Scientific Methods for Health Sciences - Experiments vs. Observational Studies
In an experiment investigators apply treatment to experimental units and then proceed to observe the effect of the treatments on the experimental units. It’s an ordered procedure carried out with the goal of verifying, refuting, or establishing the validity of a hypothesis. This lecture will present a general introduction to the field of experiment and different types of experiment that we may apply in researches later. We are also going to talk about observational study, which draws inferences about the possible effect of a treatment on subjects where the assignment of subjects into a treated group versus a control group outside the control of the investigators. A general comparison between these two types of studies will be presented thereafter.
Experimental and observational studies are among the most commonly applied studies in researches. Consider a simple example of experimental study. Suppose we enrolled 200 women aged 30 who aren’t smokers and assign half of them to smoking treatment with one pack per day and the other half to no smoking treatment and kept this status for 10 years. Then the lung capacity of all the women are measured and the data is further analyzed and interpreted. Here we have an experimental study. For the other study, we find 200 women aged 30, of whom 100 are smoke free and the other half having been smoking one pack per day for 10 years and the lung capacity of those women are measured. Then the data is further analyzed and interpreted. This would be an easy example of observational study. The difference can be easily drawn from the comparison between these two studies: the assignment of subjects into a treated group versus a control group is outside the control of the investigators where in an experimental study, each subject is randomly assigned to a treated group or a control group. So, what characteristics would define experimental and observational studies in general and what would be the major difference between these two types of studies?

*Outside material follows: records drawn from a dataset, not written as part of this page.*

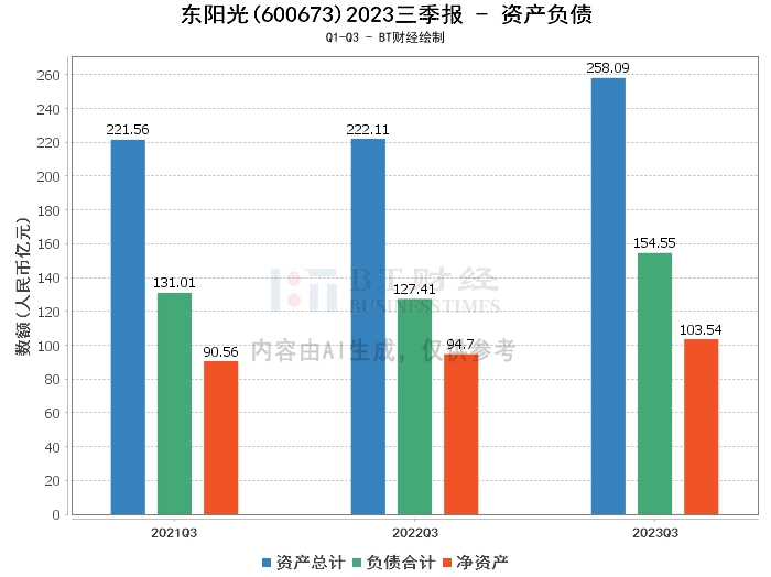 从资产负债方面来看,东阳光2023年三季度末的总资产为258.09亿元,相比上年度末的244.88亿元增长了5.39%。负债合计为154.55亿元,相比上年度末的143.06亿元增长了8.03%。净资产为103.54亿元,相比上年度末的101.82亿元增长了1.69%。资产负债率为59.88%,相比上年度末的58.42%有所上升。
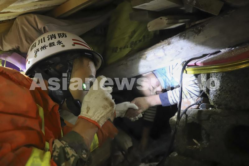 图片说明:2018年12月9日,四川叙永,消防员在分水镇营救山体滑坡被埋人员。此次灾难导致部分民房垮塌多人被埋。 罗光链 摄
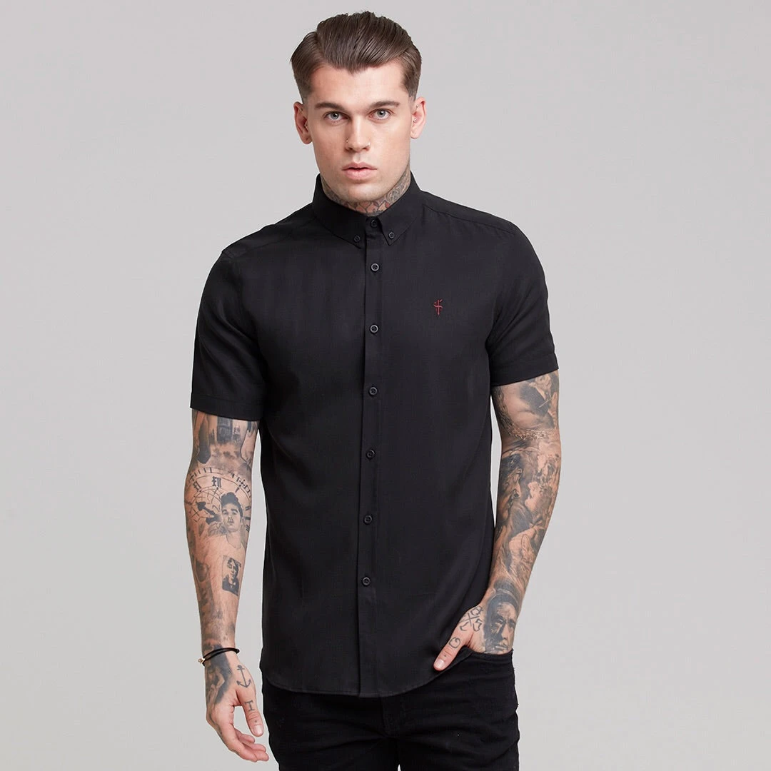 Father Sons Classic Black Lyocell Short Sleeve (Burgundy Emblem) – FS466
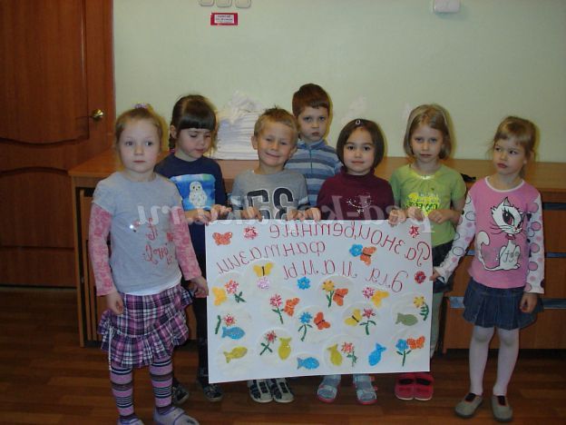 Підготовча робота: Вихователем заздалегідь підготовлений лист ватману з вітальним текстом. Приготовані матеріали і розкладені по столах.
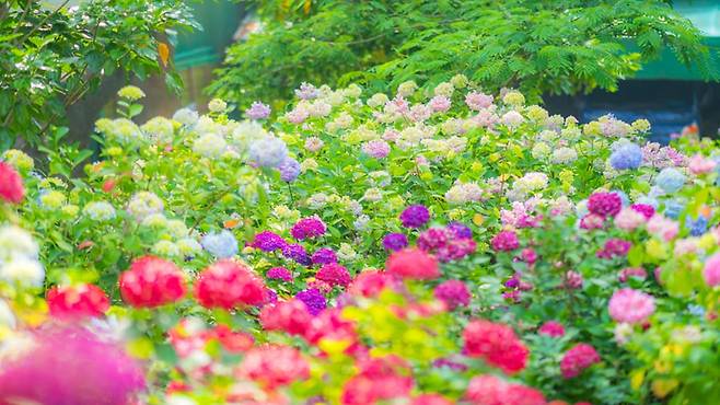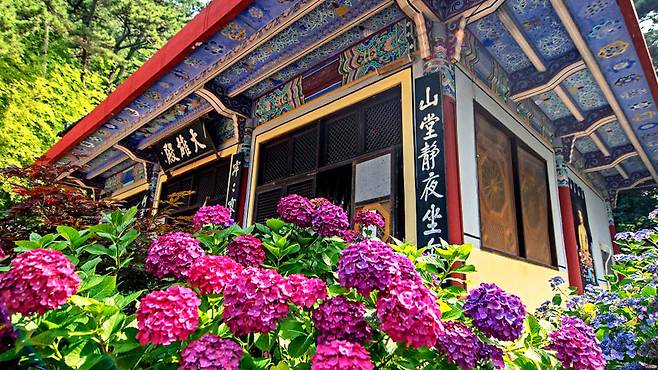 흰색, 분홍, 보라, 파랑까지 그라데이션처럼 퍼지는 수국들 사이에서 사찰의 고즈넉한 분위기는 더욱 깊이 있게 다가온다.
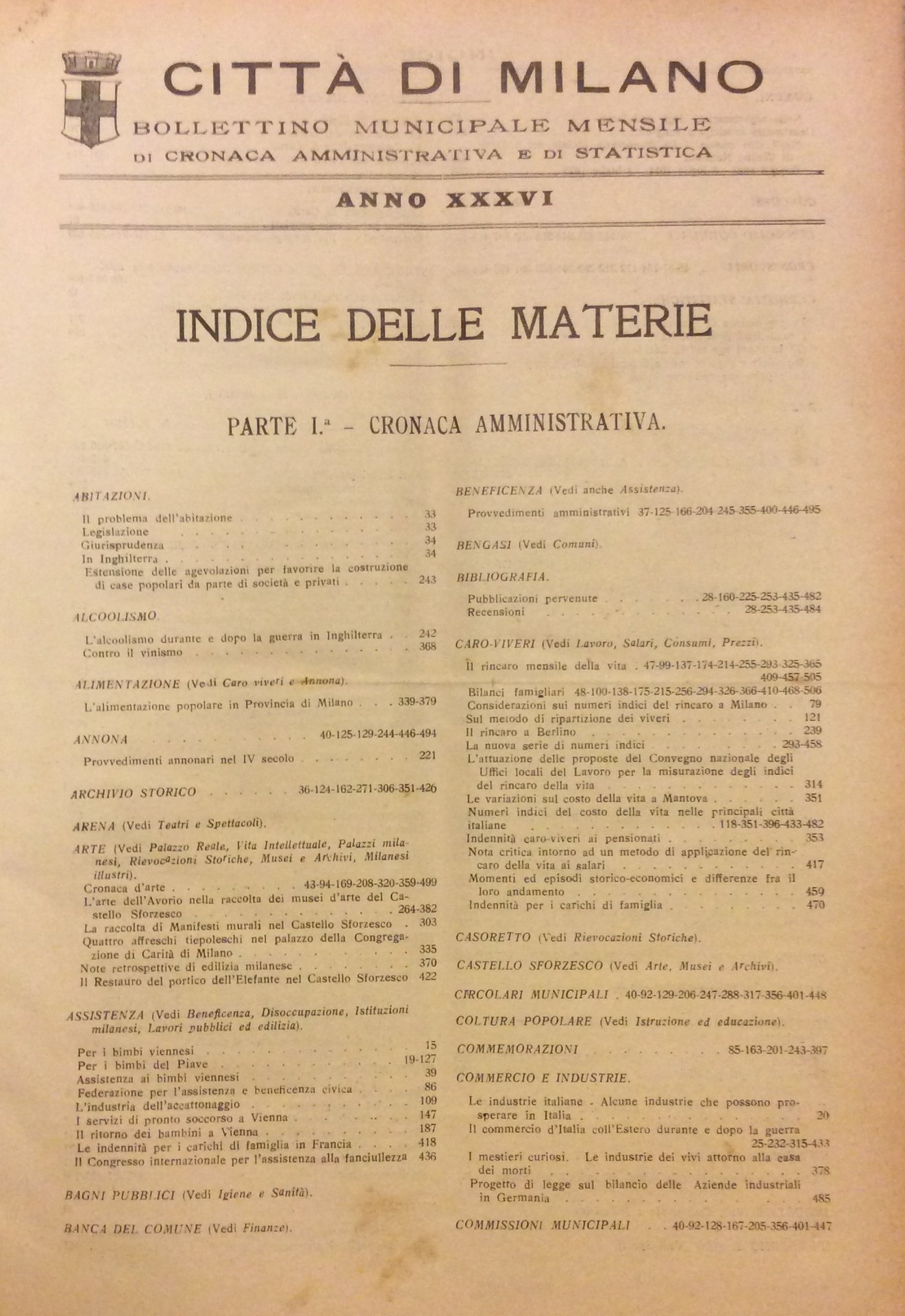 CITTA' DI MILANO. - Bollettino Municipale. Mensile di cronaca amministrativa e statistica.
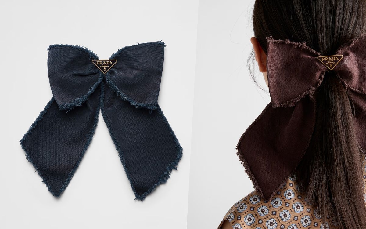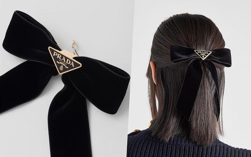 柔軟絲絨材質的PRADA蝴蝶結髮夾將品牌甜美但潮流個性的風格演繹得十分完美,同時飾有搪瓷金屬三角標誌,為這款精緻配飾增添經典元素,特別適合約會、正式裝扮時搭配,在細節處加入巧思。
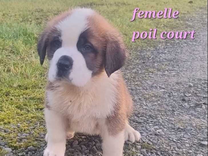 Voici une magnifique femelle Saint-Bernard à poil long, inscrite au LOF sous le numéro 35945, prête à rejoindre sa future famille. C'est la dernière femelle disponible d'une portée née le 4 décembre 2025. Son...
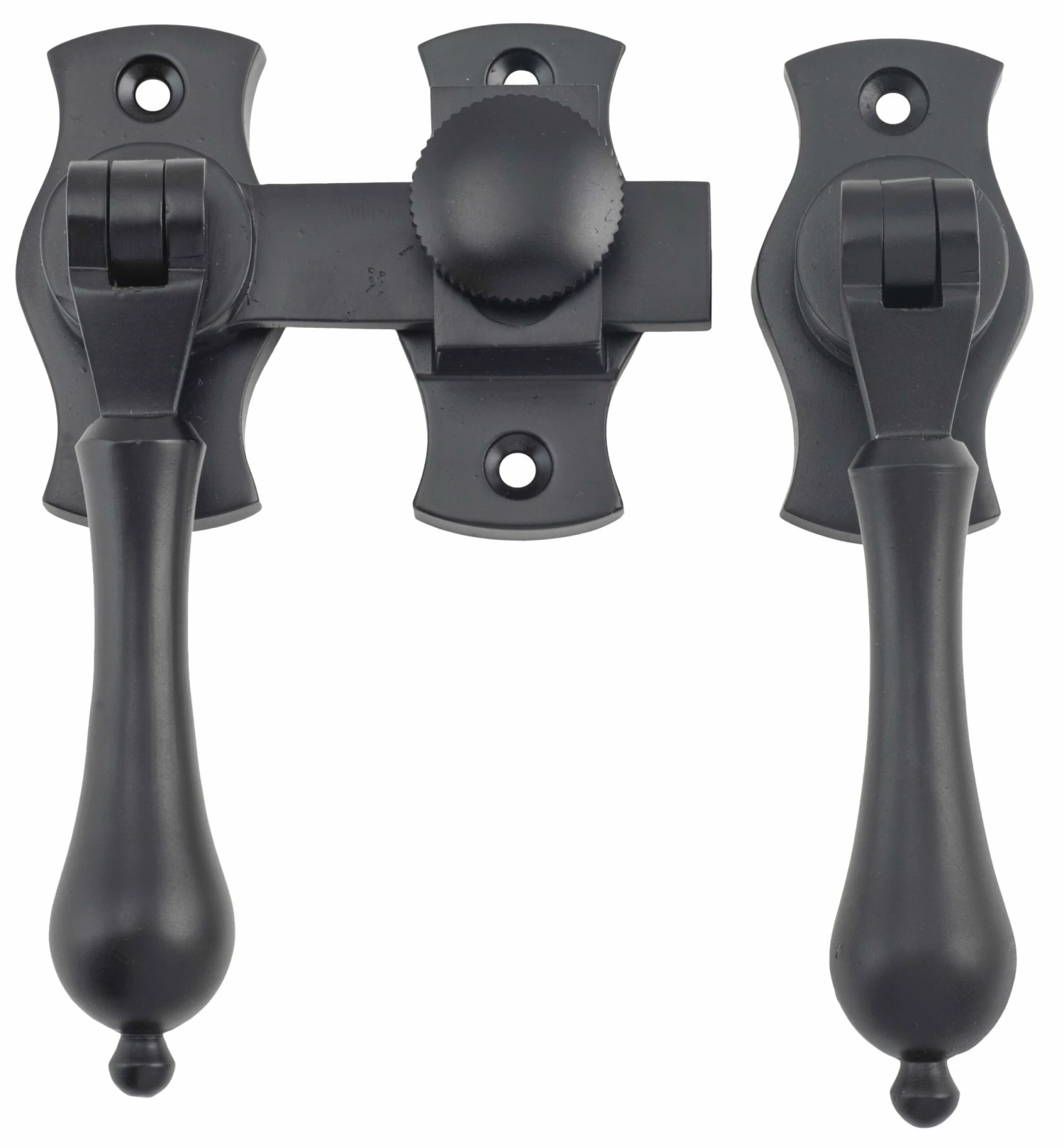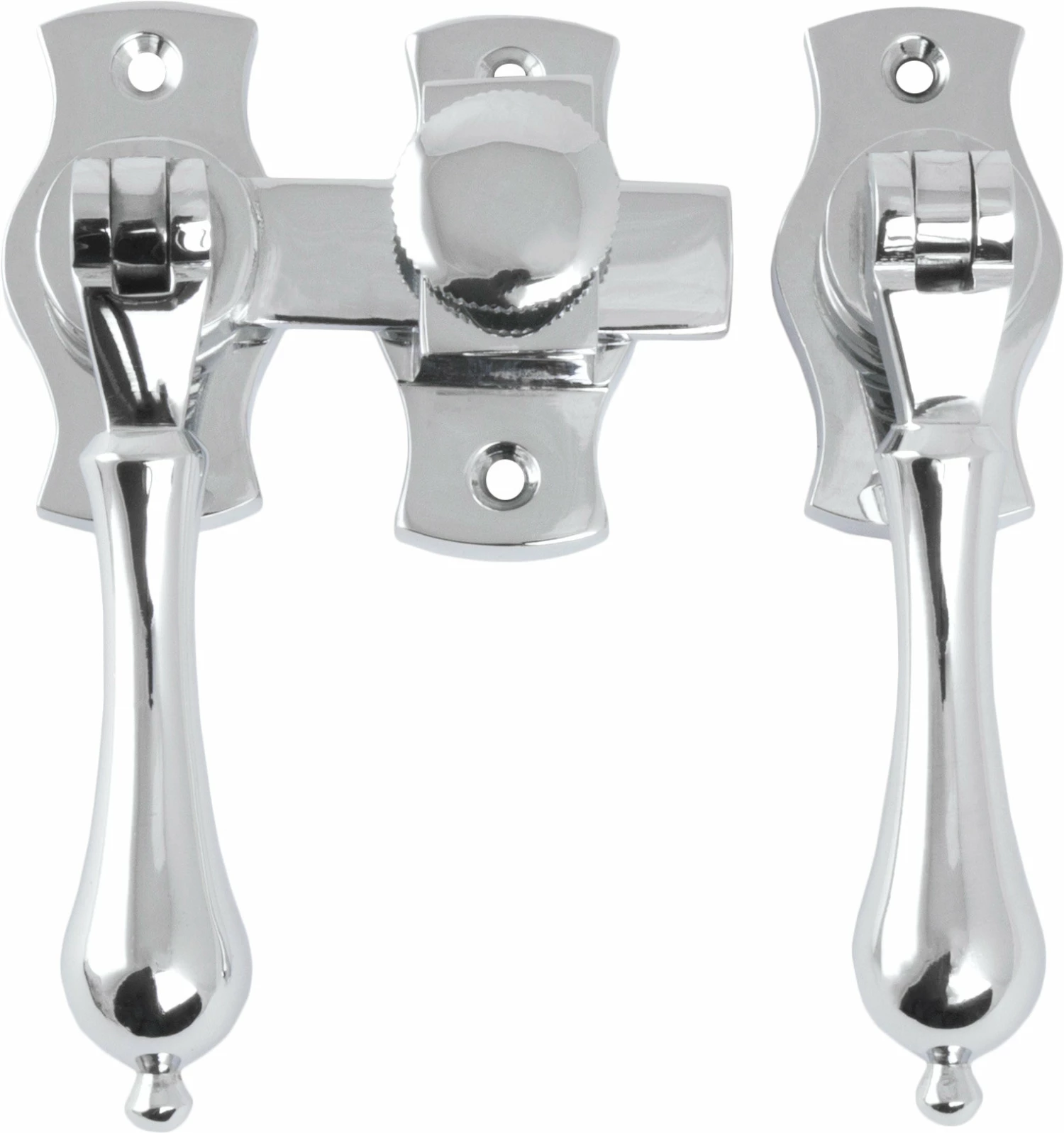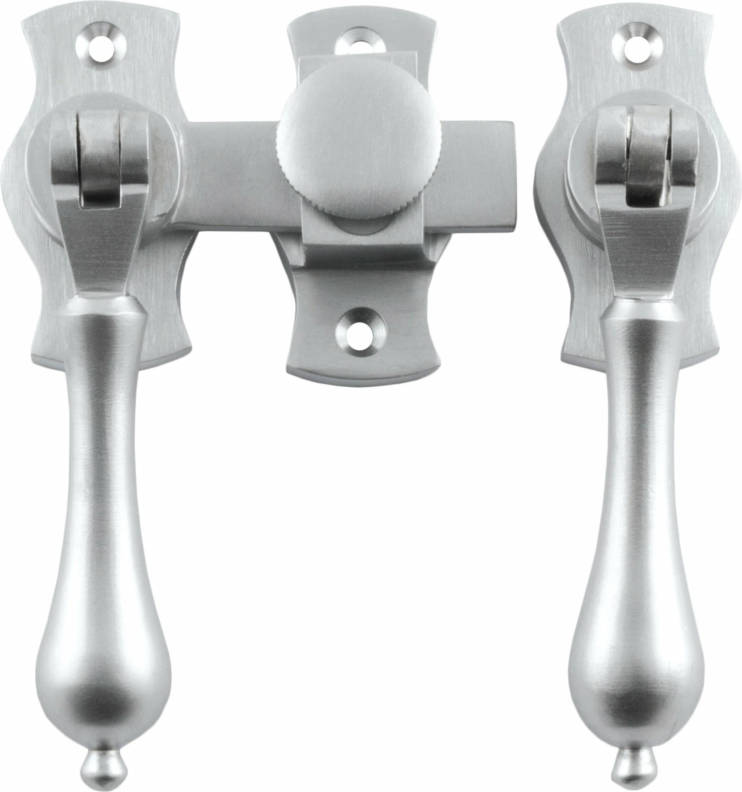 Teardrop French door fasteners with screw down catch.

Experimental study: an empirical method that arbitrates between models or hypothesis and used to test existing theories or new hypotheses in order to support them or disprove them. Controlled experiments provide researches with insight into the causal relationship by demonstrating what outcome occurs when a particular factor is manipulated. Experiments may vary from personal and informal natural comparisons, to highly controlled ones.
- Types of experimental studies:
- Controlled experiments: compare the results obtained form experimental samples against control samples, which are practically identical to the experimental sample except for the one whose effect is being tested.
- Natural experiments: rely solely on observations of the variables of the system under study, rather than manipulation of just one or a few variables as occurs in controlled experiments.
- Field experiments: named to draw a contrast with laboratory experiments, which enforce scientific control by testing a hypothesis in the artificial and highly controlled setting of a laboratory. It is often used in social sciences, and especially in economic analyses o education.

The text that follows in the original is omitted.